An Italian court ruled on Wednesday that some of the victims of the 2009 L'Aquila earthquake were partly to blame for their own deaths and compensation for their relatives should be reduced, media reports said.


The 6.3-magnitude earthquake struck at 3.32 am on April 6th 2009, after months of tremors across the rugged Abruzzo region in central Italy. Houses collapsed throughout L'Aquila's historic city centre, killing 309 people.

The judge in a civil suit for millions of euros in damages, presented by relatives of 24 people who died in one of the buildings, the judge said that the victims had gone back to bed despite two tremors earlier in the night.

READ ALSO: Which areas of Italy have the highest risk of earthquakes?

That "rash behaviour" made them "30 percent responsible" for their deaths, she said, according to Italian newspaper Il Messaggero.


Maria Grazia Piccinini, a lawyer and mother of Ilaria Rambaldi, a 25-year-old student who died in the earthquake, said that Tuesday's ruling was "absurd" considering that experts had played down fears of a killer quake in the previous weeks.

A photo from 2018 shows ongoing reconstruction efforts in L'Aquila following the 2009 earthquake.
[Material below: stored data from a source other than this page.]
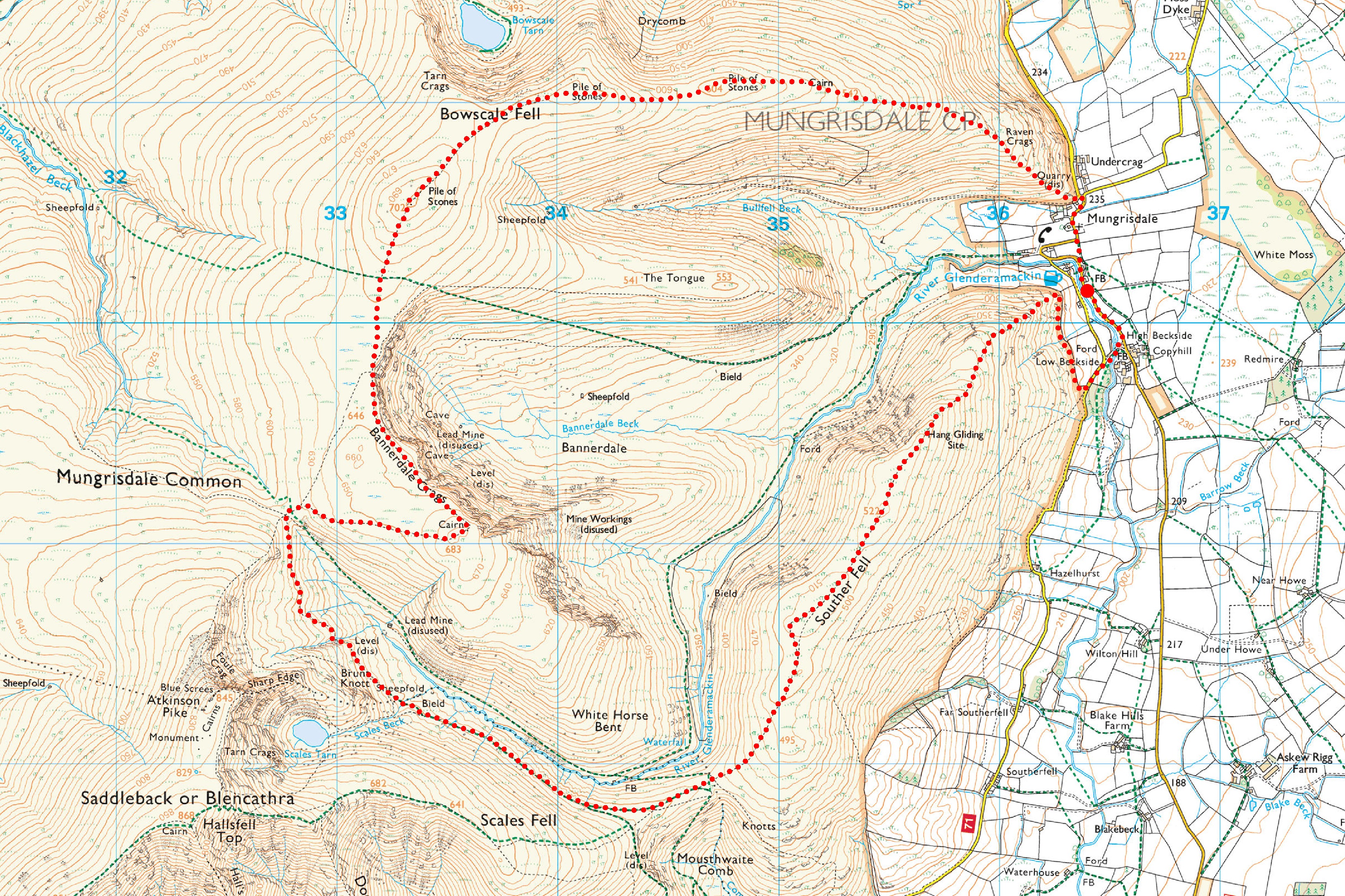Mungrisdale > Raven Crags > East Ridge of Bowscale Fell > Bowscale Fell > Bannerdale Edge > Bannerdale Crags > Glenderamackin Col > Valley of Glenderamackin > Mousthwaite Col > Souther Fell > Beckside > Mungrisdale
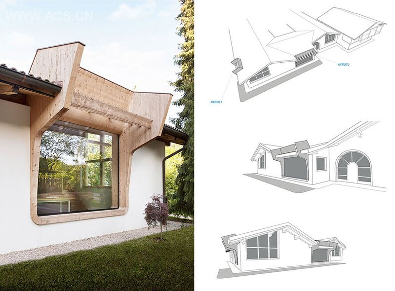 建筑事务所MESSNER ARCHITECTS在意大利北部高寒地区Renon为雕塑家和画家弗朗茨·梅斯纳尔( franz messner)设计了全新的工作室。建筑师主要改造了门面,并在艺术家工作室的西面和南面设置了两个大窗户,窗框造型独特,成为别致的捕光器,改善了艺术家工作室的采光。整个工作室分为三个不同的区域---两个独立的工作区位于端头,而中间是一个共享的储存空间,该空间双层高,为阁楼,每个工作空间都有楼梯通往该阁楼。
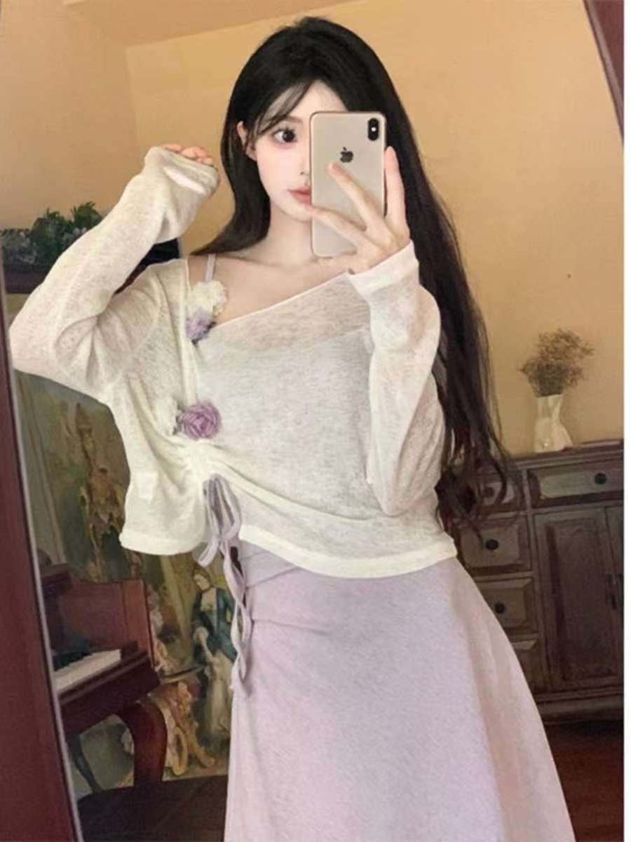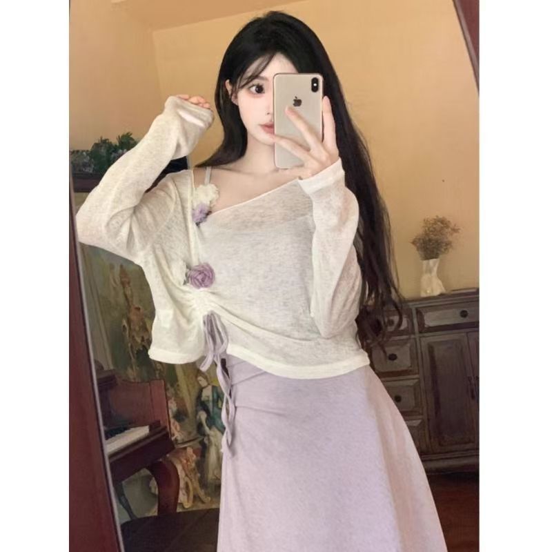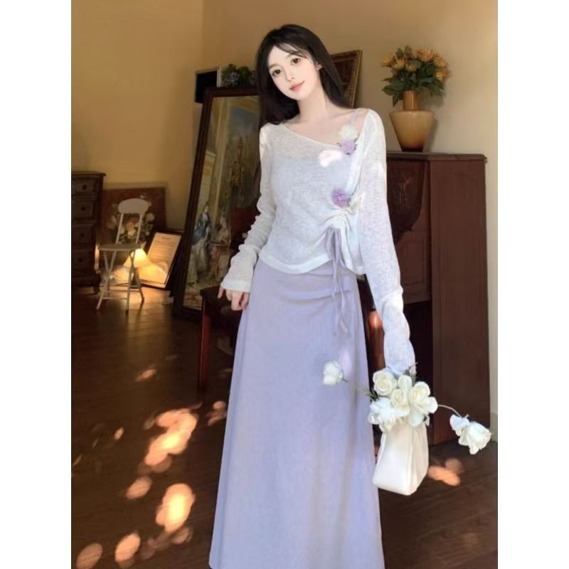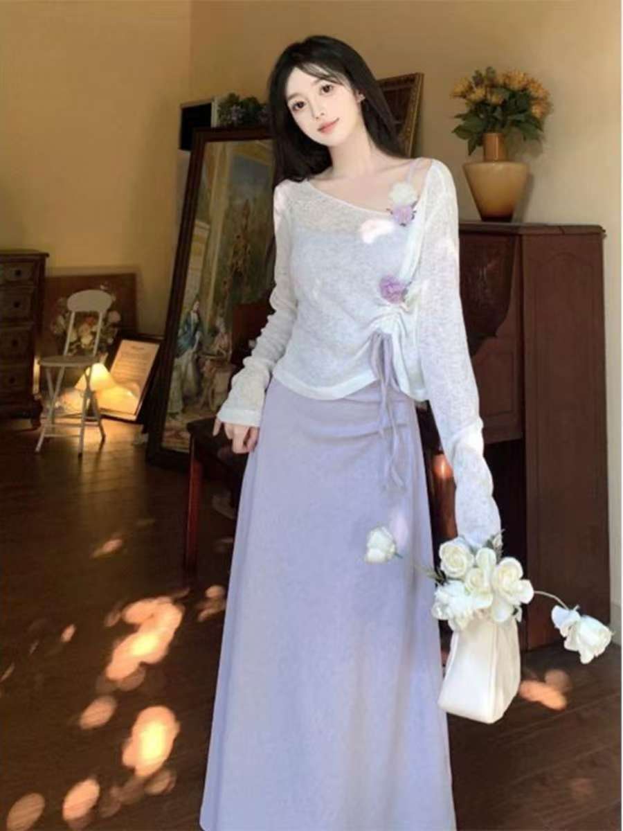 2025 春夏甘くて爽やかなフレンチカレッジ無地スカートスーツ紫サスペンダー薄手ブラウス mm 甘辛リリス
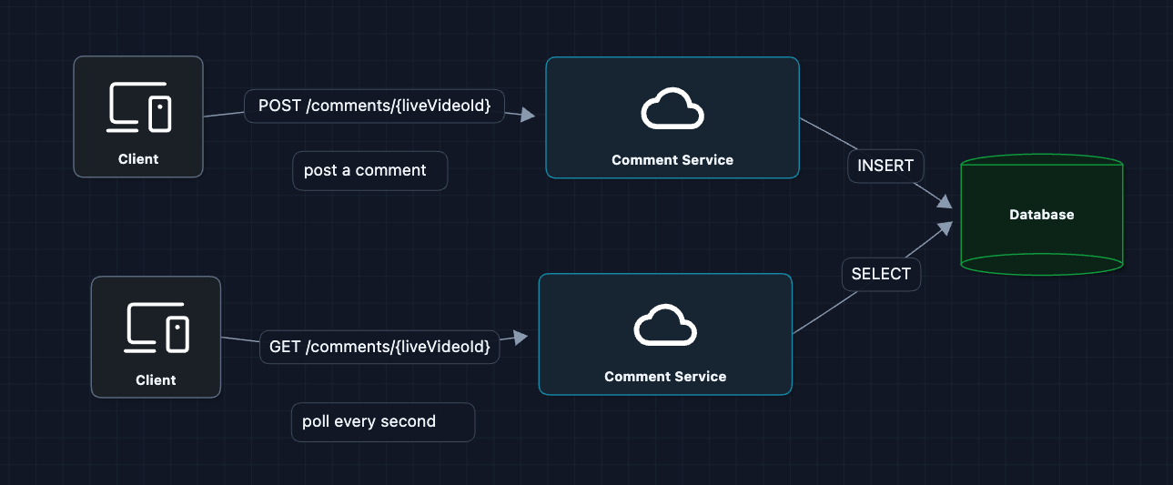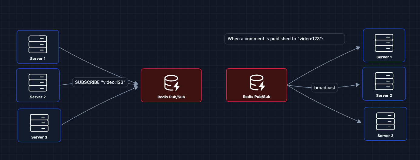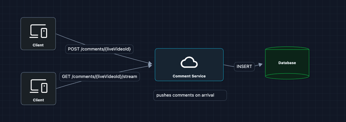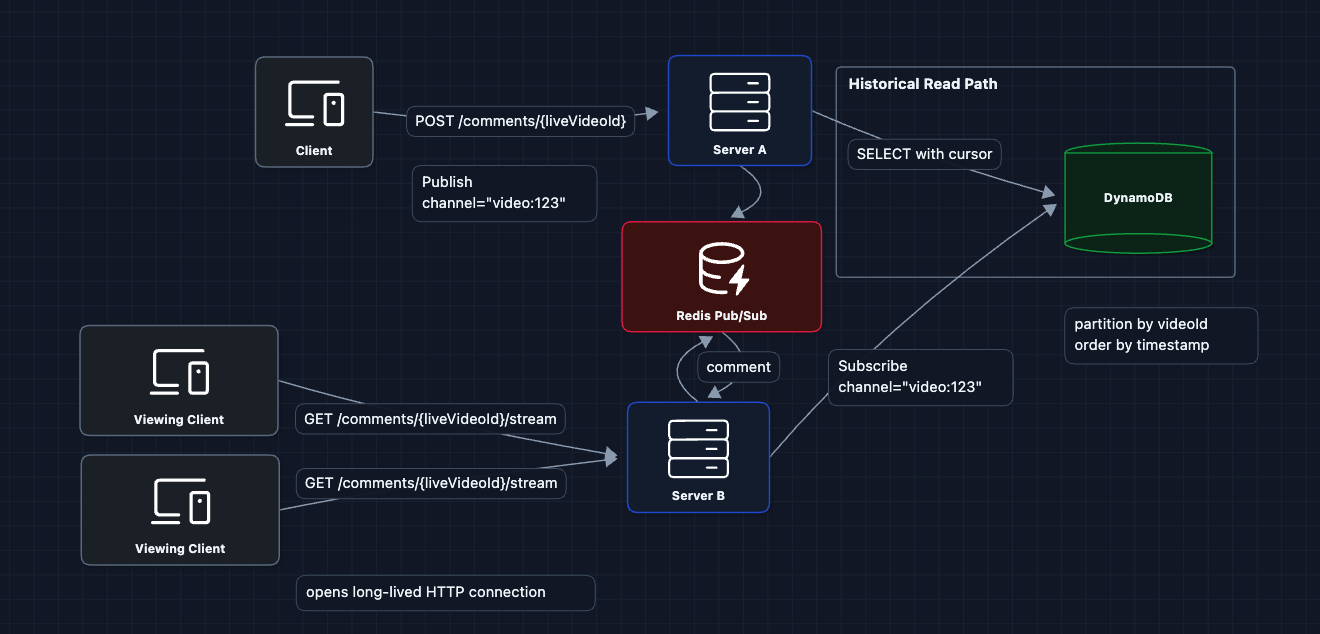 - Real-time Path: How new comments broadcast to all viewers.
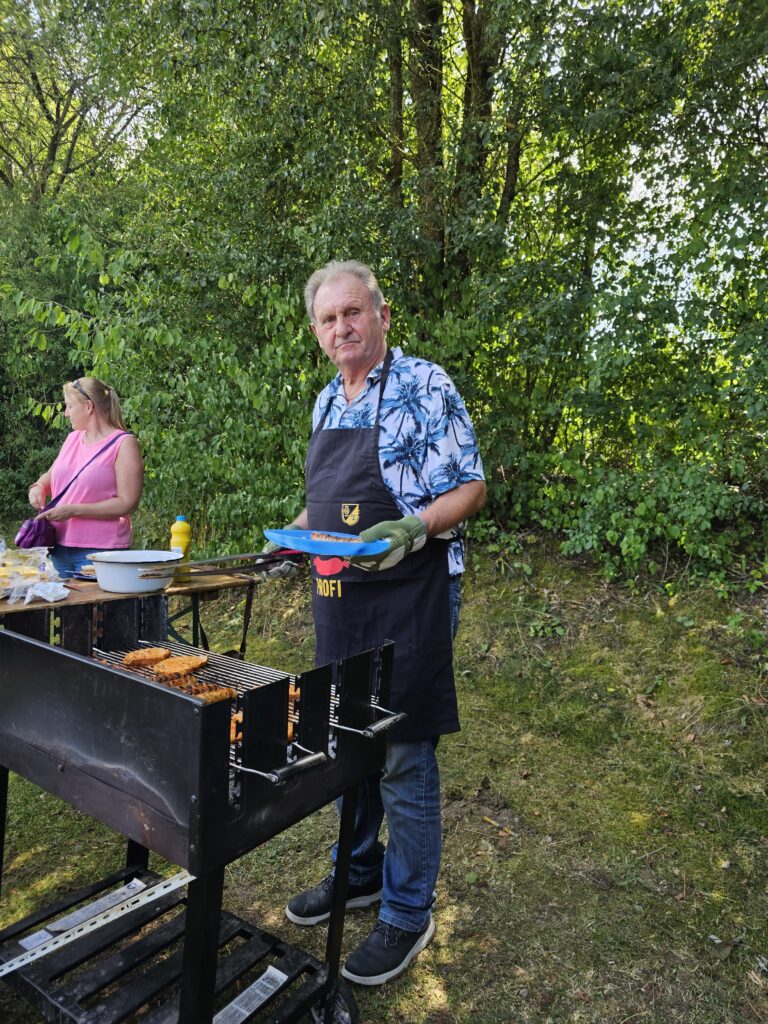 Bei tollem Wetter genossen die ca. 40 Anwesenden kühle Getränke, Essen vom Grill, leckeren Kuchen und den Austausch mit den Kollegen.
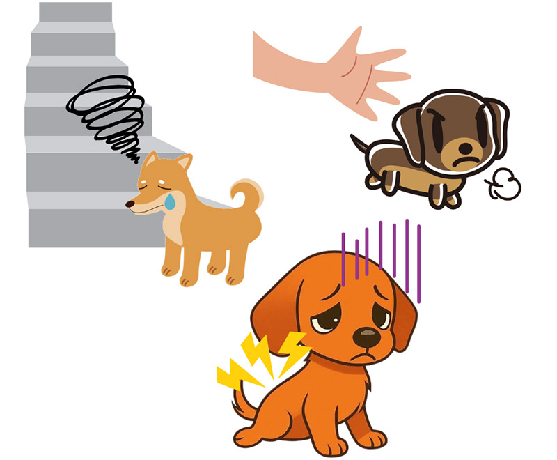 この「圧迫」の度合いによって、愛犬は様々な神経症状に苦しむことになります。まるで目に見えない針で刺されるような激痛、あるいは後ろ足が麻痺して動かせない絶望感…。わたしたちには想像もつかないほどの苦しみが、愛犬の身に起こっているかもしれません。
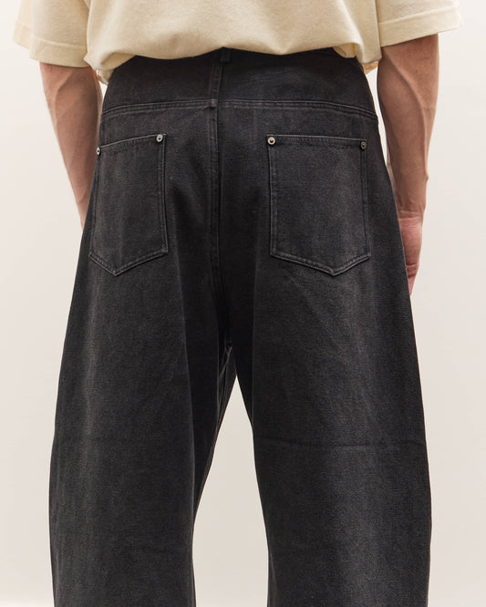 Designed with an exaggerated curved leg silhouette, the pronounced and unique shape is flattering and distinct. Cut from a sand-washed cotton canvas with a firm and smooth handfeel. Features a button zip fly closure, side seam pockets, belt loops, and single pleat at the front. Also available in Washed Black. FIT Trevor is 5'11 and typically wears a size 32 in bottoms. He's wearing the size L here for a fit that sit higher on the waist. This trouser features a fixed waistband that offers minimal stretch in the waist and hips – we recommend referring to the measurements below as a guide when choosing your ideal size and fit. If between sizes, there are belt loops to secure the waist to the desired area of wear. Graded in gender-neutral sizing, the size XS is comparable to a standard women's size S. APPROXIMATE SIZING XXS - Waist: 24", Hip: 38", Rise: 14", In-seam: 26"XS - Waist: 26", Hip: 40", Rise: 14.5", In-seam: 26"S - Waist: 28", Hip: 42", Rise: 15", In-seam: 26"M - Waist: 30", Hip: 44", Rise: 15.5", In-seam: 26"L - Waist: 31", Hip: 46", Rise: 16", In-seam: 26"XL - Waist: 32", Hip: 48", Rise: 16.5", In-seam: 26" DETAILS Made in small batch in Guangzhou City, China100% CottonHand wash cold and lay flat to dry
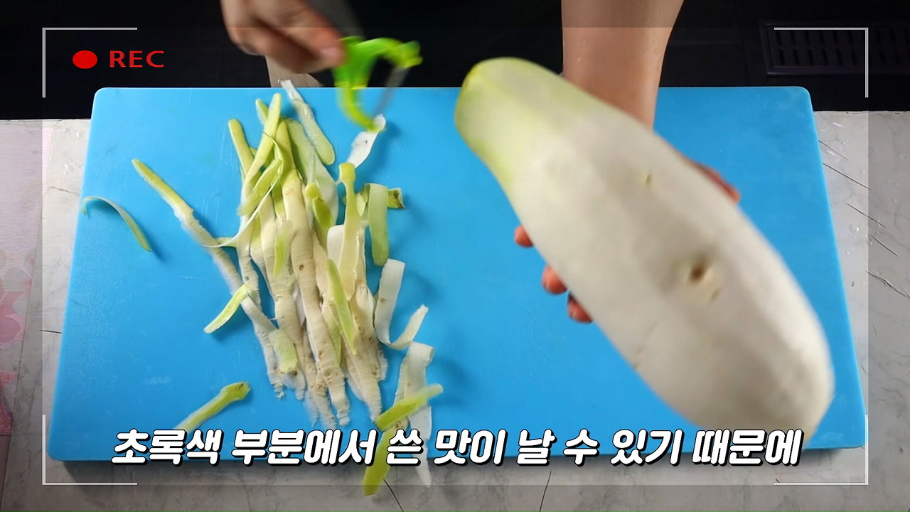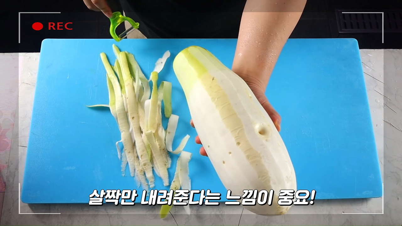 무 껍질을 깎을 때 너무 큰 힘을 주면 무가 점점 작아지니, 최대한 가볍게 깎아주는 것이 좋습니다.
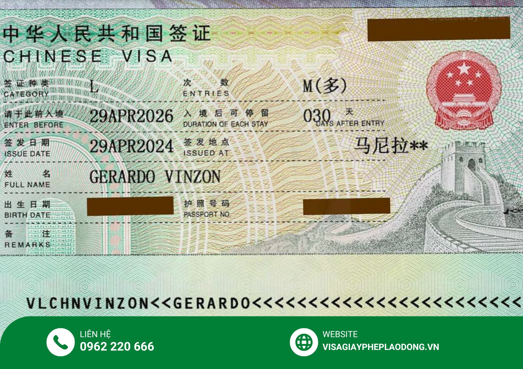| Visa du lịch | L | Người đến Trung Quốc du lịch |
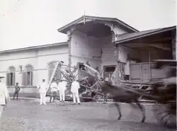The station building was initially built in Indies Empire style. The original building was partially collapsed due to an earthquake on 15 May 1923 and later was torn down and rebuilt due to safety hazard.[3] The only original part of the station that survives is the platform canopy.
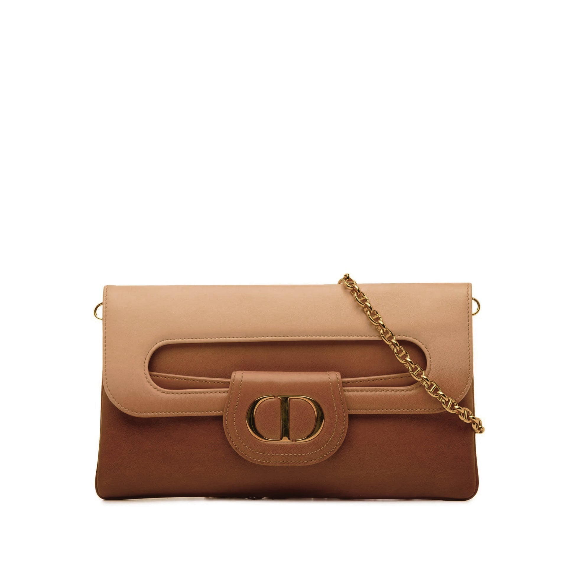 CARTERa ¨DOUBLE¨ EN PIEL MARRON, SOLAPA SIMETRICA CON UN CIERRE DE IMAN ¨CD¨ EN METAL, CORREA DE CADENA EXTRAIBLE CONVIRTIENDOLA EN SOBRE DE MANO.
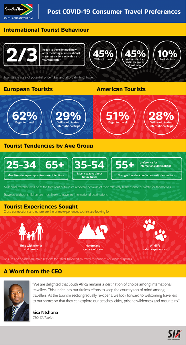 Tourlane, an online travel website, said South Africa was the most popular destination for travellers post-COVID-19 and the key reasons for wanting to visit South Africa were safari, visiting friends and relatives and scenery.
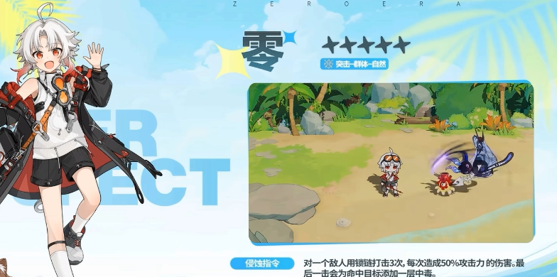零的基础技能“侵蚀指令”采用三段式链式攻击:前两段各造成50%攻击力的物理伤害,第三段除同样造成50%攻击力伤害外,额外为目标施加1层中毒状态。该中毒效果具备叠加特性,随回合推进可逐步强化持续伤害总量,是其核心续航能力来源之一。
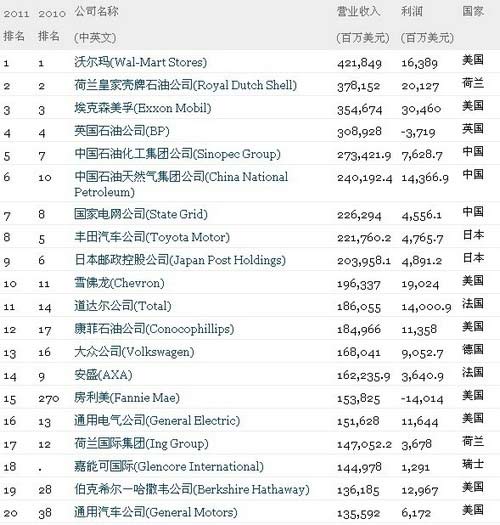中新網(wǎng)7月7日電 北京時(shí)間7月7日晚,2011年《財(cái)富》世界500強(qiáng)排行榜正式發(fā)布。美國(guó)零售業(yè)巨頭沃爾瑪再次登上榜首,中石化排在第五,是國(guó)內(nèi)企業(yè)排名最高的。中國(guó)大陸共有61家公司進(jìn)入榜單,比上一年增加了15家。如果計(jì)入臺(tái)灣地區(qū)的上榜企業(yè),中國(guó)的上榜公司數(shù)量達(dá)到69家,超過日本,僅次于美國(guó)(133家),創(chuàng)造歷史紀(jì)錄。

Photo by TIZIANA FABI / AFP

"My daughter was reassured, just like everyone else," Piccinini told the Corriere della Sera daily, adding that they would be appealing the ruling.

There were angry reactions to the ruling from Italian social media users and media commentators, with many describing the judge's statement as "victim blaming".

Seven members of Italy's Major Risks Prevention Commission were initially convicted over advice given to residents before the disaster, though all but one of those would later be overturned.

The quake, which reduced L'Aquila's elegant medieval, Renaissance and Baroque squares and buildings to rubble, left 1,600 people injured and at least 80,000 people homeless.